El presidente de la Federación de Industrias Frigoríficas Regionales Argentinas (FIFRA), Daniel Urcía, emitió fuertes críticas al Gobierno en el informe mensual que emite la organización.
“Hay fábricas reprogramando su producción para reducir gastos, lo que afecta turnos y días de trabajo, hay preocupación en la cadena de pagos y prima la precaución”, enunció el máximo dirigente de la cámara que agrupa buena parte de los frigoríficos del interior del país.
Urcía ya había anticipado en enero la posibilidad de cierres de plantas de faena a raíz de un escenario de costos inviable para la actividad, y ese presagio ya se está cumpliendo, entre otras luces de alerta que titilan cada vez más fuerte en la cadena cárnica.
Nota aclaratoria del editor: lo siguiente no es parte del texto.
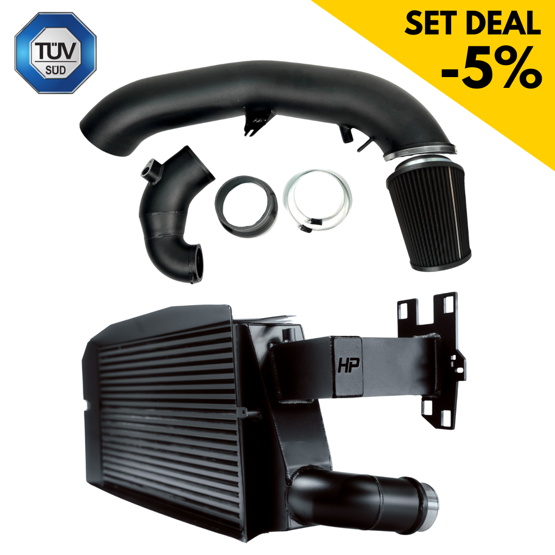 - Optimal choice of materials & easy installation: The lightweight aluminum design of the intake prevents heat build-up and ensures rapid temperature equalization. The intercooler can be fitted plug & play, without cutting or major adjustments.

“Como dijimos en ediciones anteriores se avecina un año especialmente difícil para el sector de la industria cárnica y ya hay impactos resonantes: tres plantas con habilitación de mercados externos ubicadas en Bahía Blanca (Buenos Aires), Bernasconi y General Pico (ambas en La Pampa) dejaron de operar entre fines del año pasado y los primeros meses de este”, remarcó Urcía.
Dentro de este contexto, señaló el inconveniente con la cadena de pagos. “Por otro lado, en el eslabón comercial de la cadena hay preocupación por el alargamiento de los plazos de pago que genera descalces financieros y en algunos casos pérdidas del capital de trabajo”.
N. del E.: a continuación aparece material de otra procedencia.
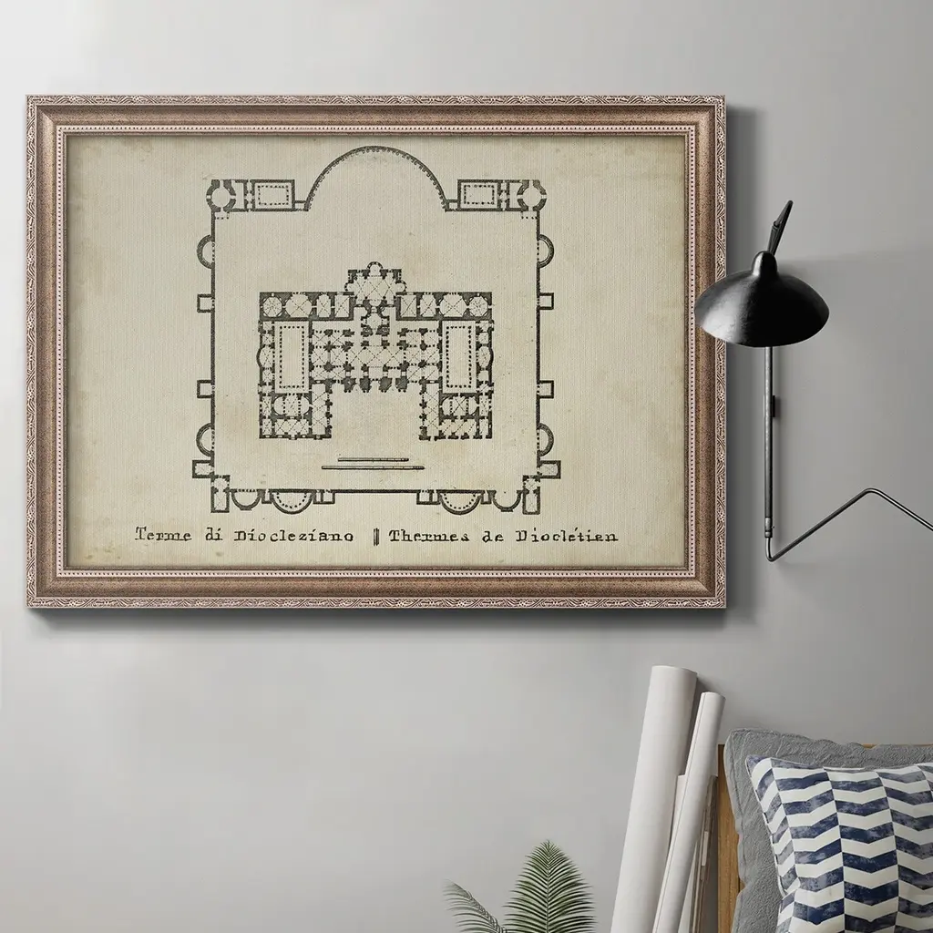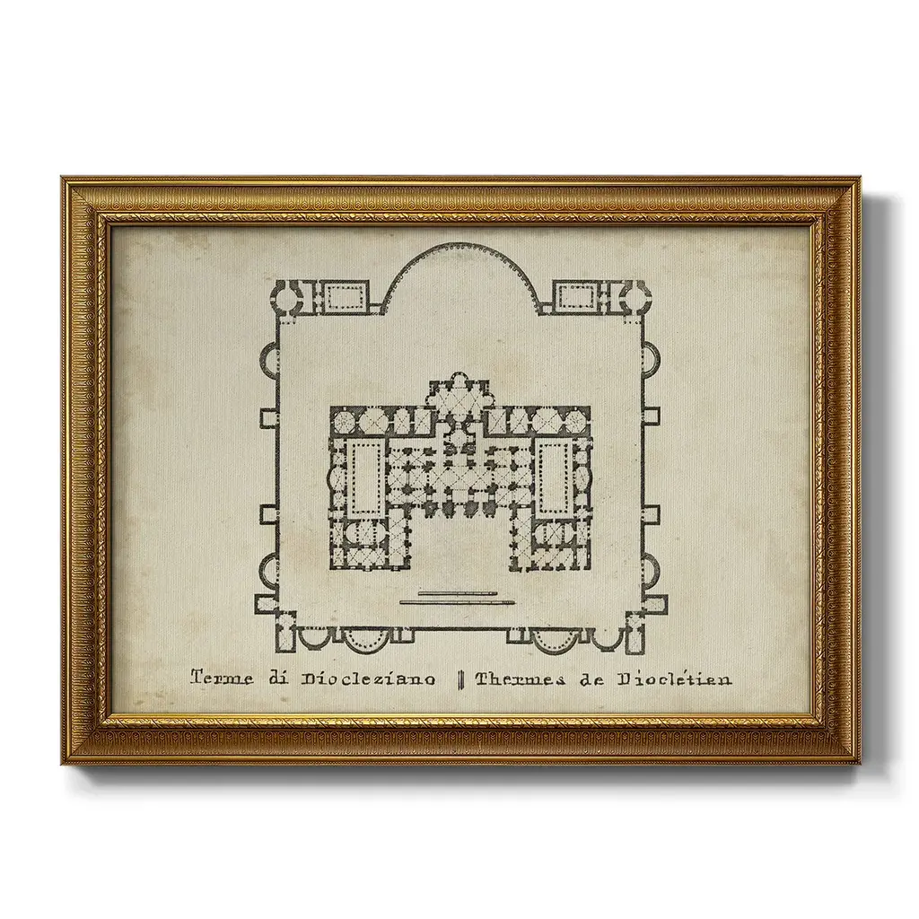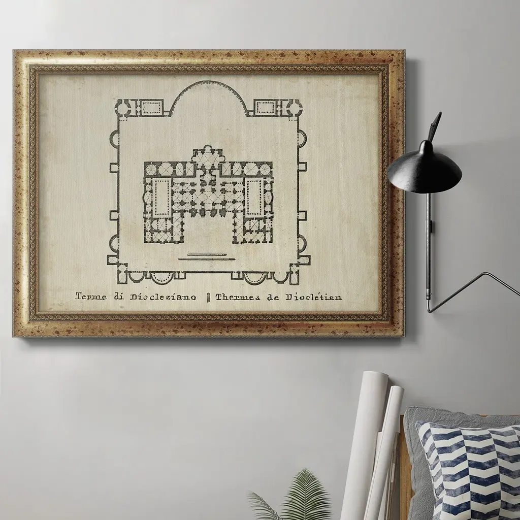 Plan for the Baths of Diocletian Premium Framed Canvas- Ready to Hang A Premium Framed Canvas created to last. Framed in distressed wood and available in an array of sizes and colors Featuring a beveled a solid wood stretcher bar, each piece comes ready to hand 3 SIZES AVAILABLE 16''X20'' - Overall Size 18'X27'' - Overall Size 24''x36'' - Overall Size Each piece is made to order. Each piece comes with hanging hardware. Made in the USA Ready to Hang Giclee Paper Print Acrylic Glass Beveled Matt Board
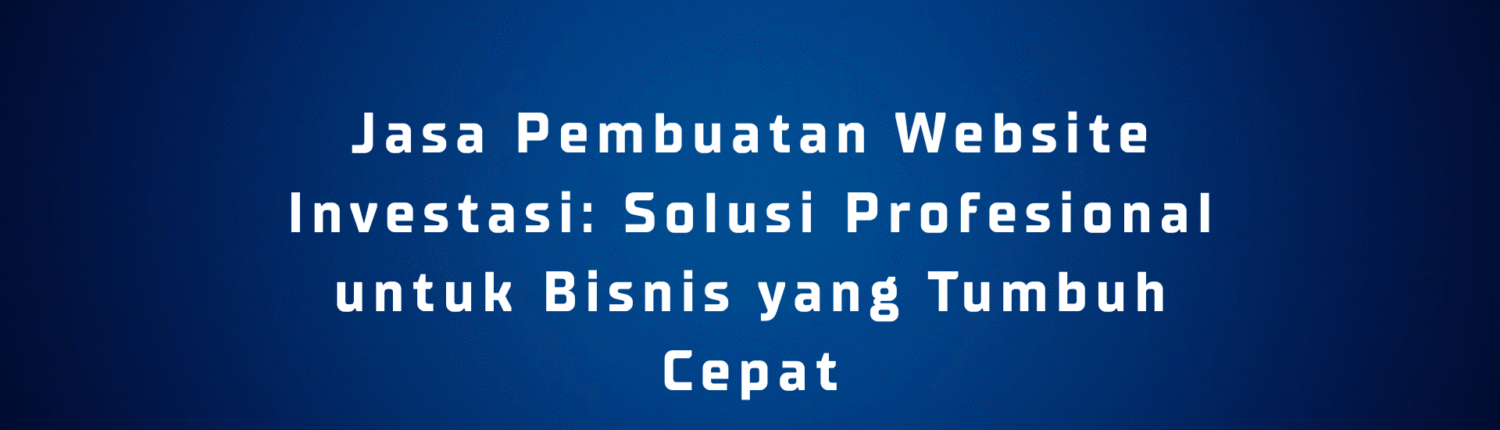 Jasa Pembuatan Website Investasi: Solusi Profesional untuk Bisnis yang Tumbuh Cepat

“El crédito característico del sector, es soportado por la cadena porque casi no hay financiamiento bancario o externo para la compra de hacienda con destino a faena”, agregó.
Por estos motivos, insistió en que “será un año para revisar y estar atento a todos los costos” y en que “las empresas deberán ser muy precavidas en la toma de cada decisión”.
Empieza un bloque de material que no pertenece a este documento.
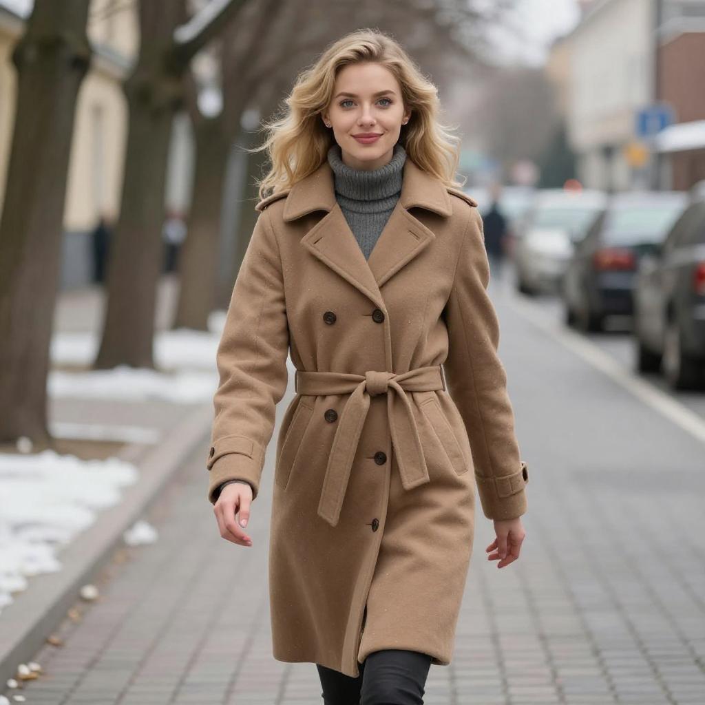 Realistic photo.beautiful Russian girl aged 24 in winter coat walking towards the camera, with blonde hair, piercing blue eyes, lovely smile, complementary color palette, photorealistic, 35mm, octane render, trending on ArtStation realistic photo
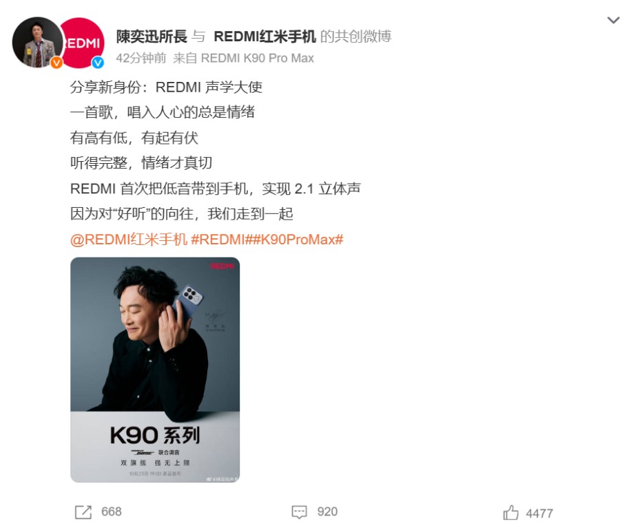 Redmi K90 Pro Max将发,陈奕迅任声学大使
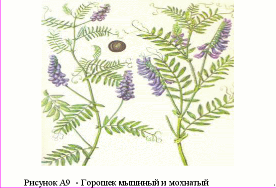 Рисунок А9 - Горошек мышиный и мохнатый. Однолетник, реже двулетник, высотой 30-70, до 100 см. Глубоко идущий стержневой корень имеет хорошо развитые боковые ответвления. Основная масса корней залегает на глубине до 30 см. Стебель слабый, лазящий, листочки 6-8-парные, линейно-ланцетные. Кисти не очень густые, венчик лиловый, бобы широколинейные. Все растение густо волосистое.

Urcía planteó un reclamo hacia la Agencia de Recaudación y Control Aduanero (ARCA): ante un panorama en que la rentabilidad se ha reducido al mínimo o es negativa, los reintegros del Impuesto al Valor Agregado (IVA) se vuelven un factor fundamental.
“El atraso en la devolución de reintegros de IVA por ARCA pasa a ser absolutamente relevante en virtud de la revaluación que tuvo la hacienda y es un daño financiero adicional que restringe la capacidad y operatoria comercial”, indicó.
Y en el orden fiscal, se quejó de que no hay freno en el crecimiento de la faena marginal con destino comercial (a campo) tanto de vacunos como de porcinos.
“Situación que la gran mayoría de comunas y municipios, además de organismos provinciales y nacionales, miran para otro lado, ponen en serio riesgo a la actividad formal y al empleo registrado”, denunció.
Finalmente, Urcía analizó que los incrementos de precios que tuvo la hacienda parece que llegaron a sus niveles máximos y, a juzgar por la respuesta que están dando matarifes y frigoríficos, pareciera que se está encontrando un escenario de precios algunos escalones más abajo que los picos logrados semanas atrás.
“Es probable que estos valores se sostengan durante algunos meses. Cabe destacar que los precios de la carne y de la hacienda para la faena aumentaron en torno al 70%, duplicaron a la inflación lo que no se puede sostener durante más tiempo porque las empresas se terminan quedando sin capital de trabajo. Eso sin contar los incrementos en otros rubros como combustibles, energía eléctrica, gas y la siempre necesaria recomposición salarial”, repitió, con relación al momento complicado a nivel sectorial.
Además, hizo referencia a cómo el pollo y el cerdo se han puesto más competitivos con respecto a la carne vacuna.
“Con estos precios de la carne vacuna, y según las mediciones que hizo el IPCVA, se amplió la relación con el pollo. Actualmente con 1 kilo de asado se pueden comprar 3,94 kilos de pollo, brecha muy cercana al máximo logrado en 2022 que de 3,96 kilos a 1. Por otra parte, la relación con la carne de cerdos es de 2 a 1, es la diferencia más amplia desde 2022 cuando se fue de 1,48 kilos de carne porcina por uno de carne vacuna”, desglosó.
Frente a este panorama, consideró que es hora de reconstruir el Índice de Precios al Consumidor (IPC), dándole más relevancia en la torta de consumos de la población a las carnes alternativas a la bovina.
“Esta situación permite que esta carne se vaya posicionando como una alternativa para el consumidor pese a que la Encuesta Nacional de Hogares del año 2004 y base de la construcción de IPC no le da relevancia y participación en su elaboración”, mencionó Urcía, con respecto específicamente a los cortes de cerdo.